Even if those situations account for 1/10,000 users, those are precisely
the cases that need to be covered to market something as "bulletproof".
Now of course, it won't solve the problem of the user getting confused
and using the wrong CD for the monitor...
Yeah, okay, force me to clarify. Grumble.
There are cases where we can't tell what monitor the user has. They're
almost completely described by "either the card can't do DDC, or the
cable is broken". The former is a vanishingly small class of hardware,
voodoo1 basically. The latter happens depressingly often particularly
with projector setups.
So, to save you the trouble of rereading all of my posts. Can you
explicitly confirm this (which it sounds like you did, but not in a way
that clearly addressed the point I tried to make half a dozen times last
night).
Repeat after me-
"There is *NEVER* a situation, when the monitor fails to provide correct
information, due to a broken or absent edid implementation, and which at
the same time, sufficient information could be parsed from the .inf that
came on the CD with the monitor, to provide the user, a reasonable
experience requiring no user interaction beyond putting the cd in the
drive". (and at which time, the X driver could not have accomplished
the same thing automatically without the .inf)
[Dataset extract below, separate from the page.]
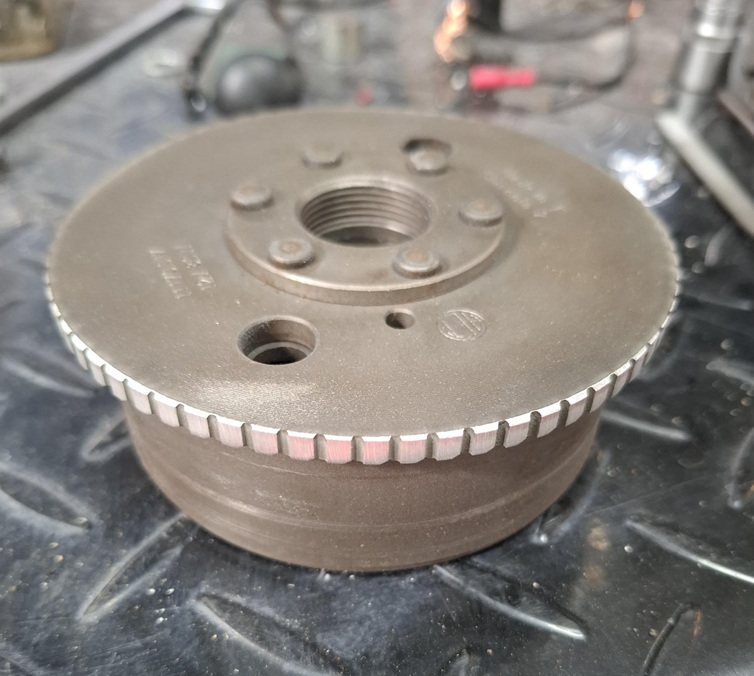 De starterkrans heeft een te grote diameter en zal verwijderd moeten worden. Anders kan de deksel niet gemonteerd worden. Wij hebben deze op de draaibank verwijderd.

If that truly is *NEVER* a possibility, then my main speculative
argument, was wrong.
You make it sound as though monitor .inf files *NEVER* contain available
resolution information. This sounds odd to me. Please verify my
understanding of that as well.
-dmc
In either case, asking for the windows CD won't tell you what you want
to know. It will tell you sync ranges, when what you _want_ to know is
desired resolution and display type (as in, CRT, LCD, beamer, whatever).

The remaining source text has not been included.